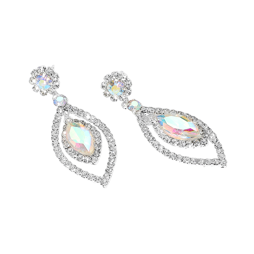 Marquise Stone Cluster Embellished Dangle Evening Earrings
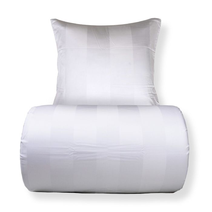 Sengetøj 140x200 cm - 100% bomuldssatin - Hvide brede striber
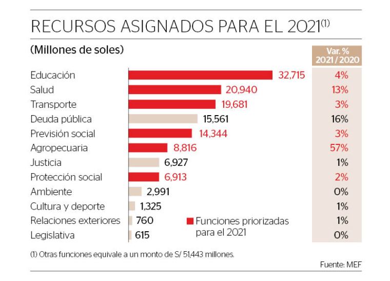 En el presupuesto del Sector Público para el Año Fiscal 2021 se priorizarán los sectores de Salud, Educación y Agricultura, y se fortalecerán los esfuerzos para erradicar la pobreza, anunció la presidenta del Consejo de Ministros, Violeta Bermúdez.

================================

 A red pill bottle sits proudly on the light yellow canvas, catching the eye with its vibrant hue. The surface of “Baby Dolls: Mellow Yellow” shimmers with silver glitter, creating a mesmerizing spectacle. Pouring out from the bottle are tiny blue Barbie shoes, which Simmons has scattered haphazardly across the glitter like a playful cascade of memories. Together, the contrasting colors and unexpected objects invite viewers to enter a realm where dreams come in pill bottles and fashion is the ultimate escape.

================================

== YOUR TASK ==
Only the lines between the one with "Sengetøj 140x200 cm" and the one with "En el presupuesto", those two included, get copied from the material above. Keep it exact and free of pictures.

== YOUR RESPONSE ==
 Sengetøj 140x200 cm - 100% bomuldssatin - Hvide brede striber
 En el presupuesto del Sector Público para el Año Fiscal 2021 se priorizarán los sectores de Salud, Educación y Agricultura, y se fortalecerán los esfuerzos para erradicar la pobreza, anunció la presidenta del Consejo de Ministros, Violeta Bermúdez.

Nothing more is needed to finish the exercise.